Наконец он приходит, а она и говорит:
«Что же ты меня совсем бросил-позабыл?»
А он говорит:
«У меня есть дела».
Она отвечает:
«Какие, – говорит, – такие дела? Отчего же их прежде не было? Изумруд ты мой бралиянтовый!» – да и протягивает опять руки, чтобы его обнять, а он наморщился и как дернет ее изо всей силы крестовым шнурком за шею…

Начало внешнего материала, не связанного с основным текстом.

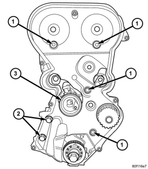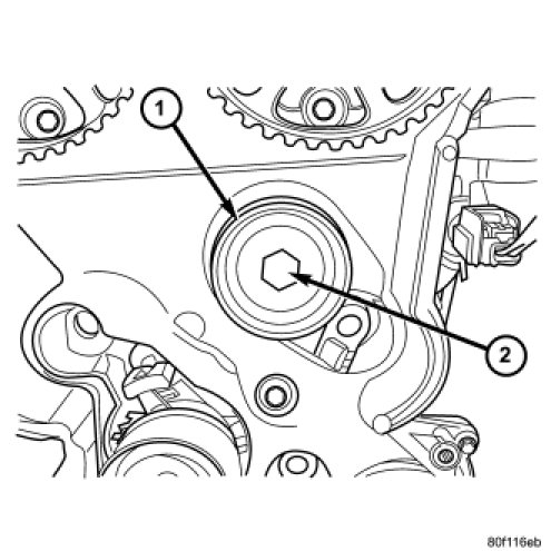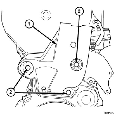 19. Remove timing belt cover fasteners (1, 2) and remove cover.
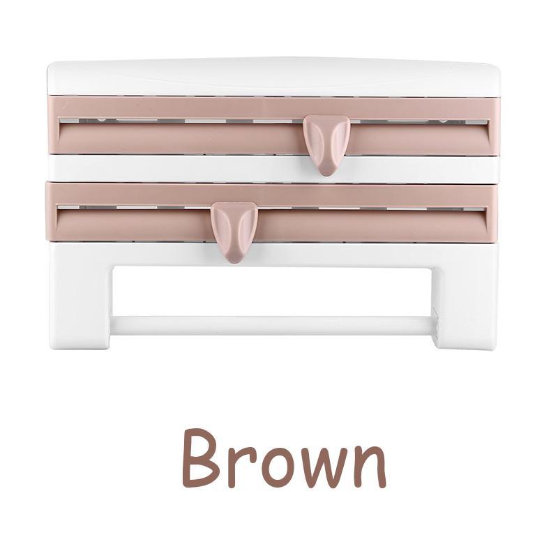 Mit scharfen, integrierten Klingen zum einfachen Schneiden von Frischhaltefolie und mehreren Fächern zur Aufbewahrung erleichtert dieser Organizer alltägliche Küchenaufgaben.
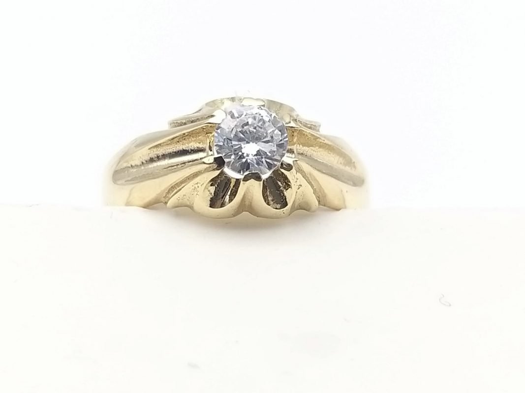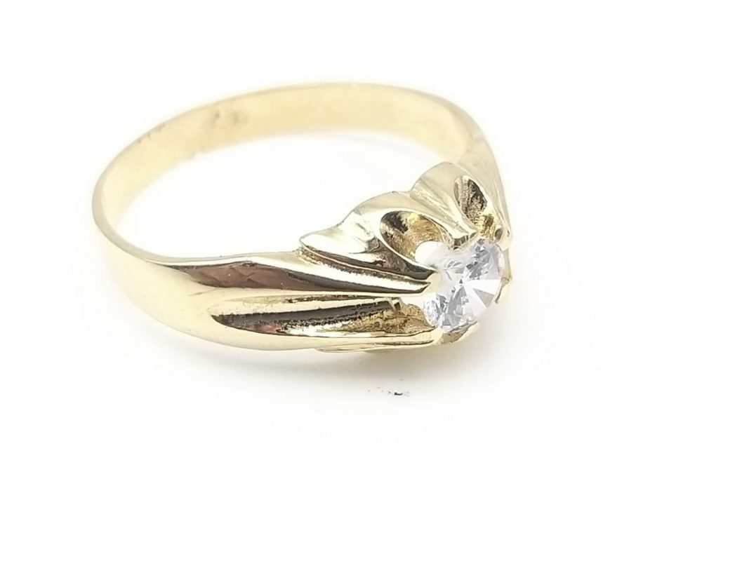 Solitario en oro de 18 kilates, con circonita de 5mm, peso 3.60grs.
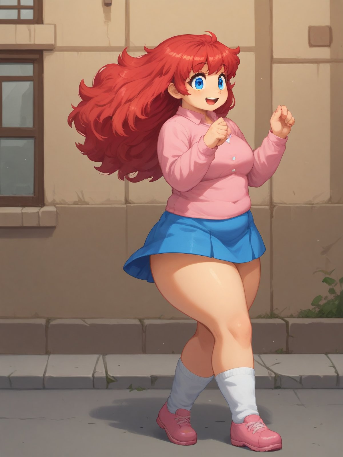 穿着 蓝色连衣裙、粉红色上衣、白色腰带、白色袜子、粉红色鞋子(AI可能交换颜色,如白色上衣,或改变位置,如上衣穿在裙子外面,使裙子看起来像短裙),但这只是副作用,只需继续生成或用Photoshop修正即可。
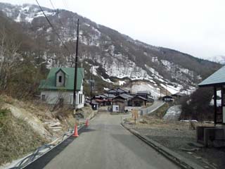 左の写真奥に小さく写る、木造の家並みが、泥湯の温泉街で、ここに3軒の旅館がある。
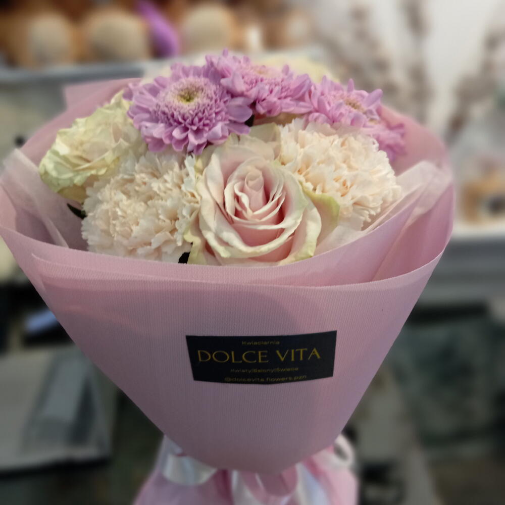 Kolorystyka bukietu i opakowania może delikatnie się różnić
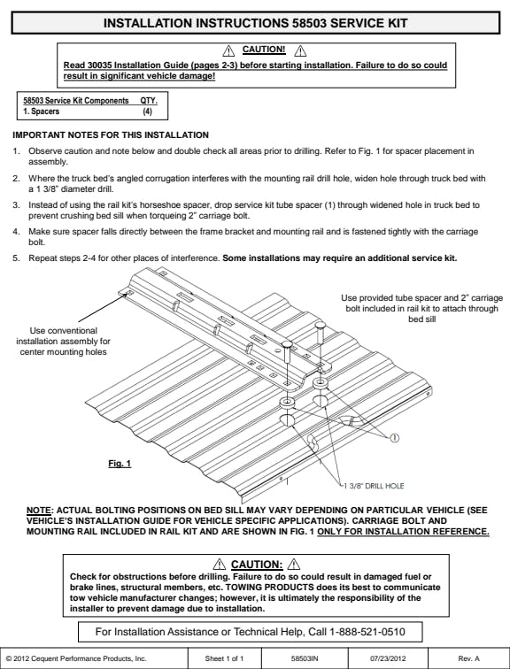 - Fifth Wheel Mounting Rails Accessory Corrugation Spacer Kit
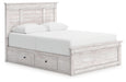 Details Includes panel headboard, panel footboard, under bed storage unit, platform rails and roll slats , Made with engineered wood (MDF/particleboard/plywood) and decorative laminate for the right balance of affordability and durability, Whitewash replicated worn through paint over replicated wood grain with authentic touch, Decorative laminate replicates natural or man-made material surfaces with consistent color, pattern and texture, Handles with dark bronze-tone finish, 2 smooth-gliding storage drawers, Bed does not require additional foundation/box spring; accommodates most zero clearance adjustable bases with the addition of a bunkie board , Mattress available, sold separately, Assembly required
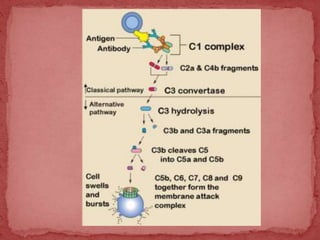 El documento describe el sistema del complemento, un mecanismo de defensa del sistema inmune. Consiste en alrededor de 20 proteínas que se activan en cascada a través de tres vías: la clásica, la alternativa y la de las lectinas. Todas estas vías conducen a la formación de la enzima C3 convertasa, que convierte C3 en C3b y C3a. El sistema del complemento ayuda a eliminar patógenos a través de opsonización, quimiotaxis, lisis celular y otros efectos inflamatorios.

– На счастье, – говорит, – мое, шелковый шнурочек у меня на шее не крепок был, перезниял и перервался, потому что я давно на нем ладанку носила, а то бы он мне горло передушил; да я полагаю так, что он того именно и хотел, потому что даже весь побелел и шипит:
«Зачем ты такие грязные шнурки носишь?»
А я говорю:
«Что тебе до моего шнурка; он чистый был, а это на мне с тоски почернел от тяжелого пота».
А он:
«Тьфу, тьфу, тьфу», – заплевал, заплевал и ушел, а перед вечером входит сердитый и говорит:
«Поедем в коляске кататься!» – и притворился, будто ласковый и в голову меня поцеловал: а я, ничего не опасаясь, села с ним и поехала. Ехали мы долго и два раза лошадей переменяли, а куда едем – никак не доспрошусь у него, но вижу, настало место лесное и болотное, непригожее, дикое. И приехали среди леса на какую-то пчельню, а за пчельнею – двор, и тут встречают нас три молодые здоровые девки-однодворки в мареновых красных юбках и зовут меня барыней. Как я из коляски выступила, они меня под руки выхватили и прямо понесли в комнату, совсем убранную.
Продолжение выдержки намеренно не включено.